0
Posted maggio 10, 2017 by admin in Serie Mithriliane
 
 

Damon Lonely: La Verità del Fiore Rosso


Damon Lonely: La Verità del Fiore rosso

di Alessandro Cavaliere 

 

Damon Lonely: racconto originale serie Mithriliane

 

 

È  vero che il tuo sangue non ha cancellato la mia memoria

come non c’è riuscito il sapore delle tue labbra rosse

quando per sbaglio le nostre bocche si sono incontrate;

è il segreto del fiore rosso che conservo in me

di quel bacio che non ha memoria o ricordo

se non nei miei pensieri notturni

quando il mondo dorme e tu chissà dove poggi il tuo respiro…

 

fata2La notte è una brutta compagna, specialmente quando sei preda di qualche pensiero fisso e inviti alla festa una bottiglia di whisky. La gente dovrebbe comprendere che non si scaccia il dolore con altro dolore, ma in realtà siamo pigri.
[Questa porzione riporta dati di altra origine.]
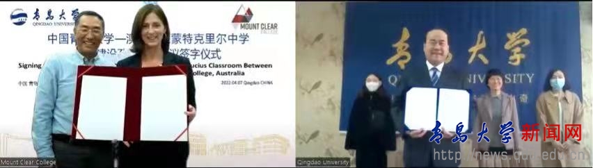 4月7日上午,我校与澳大利亚蒙特克里尔中学(Mount Clear College)共建孔子课堂合作协议签约仪式在线上举行,澳大利亚蒙特克里尔中学校长Lynita Taylor和我校国际交流合作处处长汪运波分别代表双方学校正式签署了合作协议。
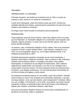 1) El documento presenta una introducción a la historia escrita por el historiador francés Marc Bloch mientras estaba encarcelado en un campo de concentración nazi en 1944. 2) Bloch define la historia como el estudio de los hombres a través del tiempo y argumenta que comprender el presente requiere entender el pasado. 3) Finalmente, advierte sobre la obsesión con los orígenes y argumenta que los fenómenos históricos deben explicarse en el contexto de su propio tiempo.
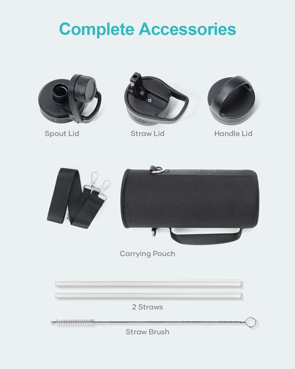 - Super Deal Combo: Buy 40oz insulated water flask, get 7 accessories. The pack includes 1 x carrying pouch, 3 x lids, 2 x straws, and 1 x straw cleaner. This bottle is ideal for camping, hiking, cycling, running, gym sessions, or outdoor work, ensuring you stay hydrated wherever you go.

È  più semplice farsi del male che lottare per il cambiamento. Mentre faccio queste riflessioni del cazzo o come direbbe, una mia vecchia amica, inutili sono appollaiato sul tetto di un palazzo e percorro con gli occhi i lineamenti del fucile di precisione che sto utilizzando per questo nuovo contratto.
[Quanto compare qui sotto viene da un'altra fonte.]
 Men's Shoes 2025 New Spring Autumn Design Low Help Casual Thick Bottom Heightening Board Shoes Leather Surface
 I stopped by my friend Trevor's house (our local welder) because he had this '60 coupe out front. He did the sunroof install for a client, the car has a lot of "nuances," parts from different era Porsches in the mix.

Era molto tempo che non facevo il cecchino ed era molto tempo che non usavo un arma del genere. Un Barrett M107A1.

<<Lo sai che bere sul lavoro non è una cosa positiva?>> La sua voce mi raggiunse come il ronzio fastidioso di un insetto, ma non potevo protestare o controbattere. Perché diceva la sacrosanta verità.

Bere sul posto di lavoro non è il massimo della vita e poi lei è il mio datore di lavoro, quindi, ha diritto di lamentarsi. Ma soprattutto lei è la morte.

Avete mai tentato di discutere con qualcuno che può uccidervi in qualsiasi momento e nei modi peggiori solo schioccando le dita? No credo, e spero non vi capiti mai… è seccante.

<<Sei seccante>>. Le risposi, è quello che le dico quasi tutte le volte. Perché è vero che lei è la morte, ma è pur vero che ci sono uomini che sono così matti da sfidarla e io sono sempre stato un gran matto. 

<<Mi ferisci>>. Ribatte lei fingendosi sconvolta, ma era solo uno dei suoi tanti teatrini che la rendevano ancora di più detestabile. 

<<Devo abbattere un elefante? No perché questo fucile potrebbe colpire un moscerino a un chilometro e sfondare un carrarmato probabilmente>>. Le dissi porgendogli la bottiglia, da dove lei bevve un sorso.

<<Amo i giocattoli costosi e che fanno tanto fracasso>>. Ribatté lei. 

<<Beh questo non fa tanto rumore ma fa tanto male sicuramente>>.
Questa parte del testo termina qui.